Some think of “slow cooker” aka “crock-pot” cooking as a winter kind of thing, but I’d have to disagree. Who doesn’t want to throw a bunch of ingredients in a container and have dinner ready in 6-8 hours? Plus, you don’t have to heat up the house by turning on the oven. Efficient? I’d say so.
Below is a Chili recipe but it’s slightly different and “lighter” tasting because of the sweet potatoes that are used.
Sweet Potato Chili
2 big sweet potatoes, peeled and cut into 2 inch chunks
2 big garlic cloves, minced
1 (15 ounce) can red kidney beans, drained and rinsed
1 green or red bell pepper, seeded and chopped
1 (14.5 ounce) diced tomatoes (I used Hunts Diced No Salt Added, Basil, Garlic and Oregano)
1-tablespoon chili powder
1 teaspoon smoked (or regular) paprika
½ teaspoon sea salt
1 and ½ cups of water
Use a 5-6 quart slow cooker. Peel and chunk the sweet potatoes and add to the pot. Follow with the peppers, can of tomatoes, the beans, garlic and seasonings. Pour in the water. Cover and cook on low for 6-8 hours.

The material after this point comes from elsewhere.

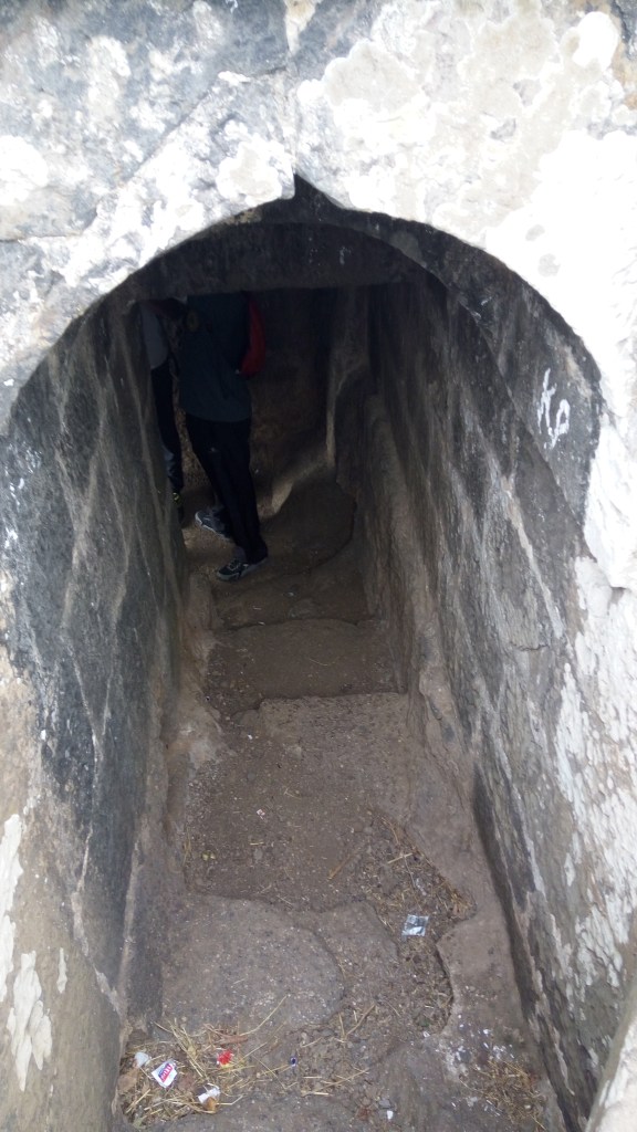 साधारण ४५ मिनिटे ते १ तासाच्या चढाई नंतर आपण गुहेपाशी पोहोचतो.ह्या गुहेत शिवपिंड ठेवलेली आहे. हि गुहा पाहून सरळ गेल्यावर श्री रामाचे मंदिर लागते मंदिराच्या मागच्या भिंतीवर (जी किल्ला चढताना समोर लागते) एक शिलालेख कोरलेला आहे.ह्या शिलालेखावरचा मजकूर हा पुढील प्रमाणे आहे –

Such great flavor and so healthy for you!
Recipe from crockpot365.blogspot.co.uk
*I’ve revised it.
I love healthy food but I don’t want to spend all day in the kitchen preparing it so when I come across a crock-pot recipe with nutritious ingredients, I get a little excited. :)
*This recipe may look like it has a lot of ingredients but most of its seasonings which makes this dish DELISH!
1-tablespoon olive oil
3-4 garlic cloves, pressed
2 handfuls of chopped up celery
2 handfuls of chopped up mushrooms (any kind is fine)
1 red or green pepper (or half of each), diced
½ teaspoon red pepper flakes
1-teaspoon cumin powder
1-teaspoon dried basil
¼ teaspoon chili powder
1-tablespoon soy sauce (low sodium)
Black pepper to taste
½ cup uncooked quinoa
3 cups of water
8 ounce unsalted tomato sauce
1 can (15 ounce) kidney beans (drained and rinsed)
1 can (15 ounce) black beans (drained and rinsed)
- Sauté garlic, celery, mushrooms and pepper in oil for 10 minutes on medium.
- Add spices, herbs and soy sauce to mixture and stir in for a few minutes.
- Combine water, tomato sauce, quinoa and beans in a large crock-pot.
- Add mixture from step number one. Stir.
- Cover and cook on low for 5-6 hours.
*If you like it hotter (sounds a little personal) add more chili powder or red pepper flakes.
This recipe has been revised from original.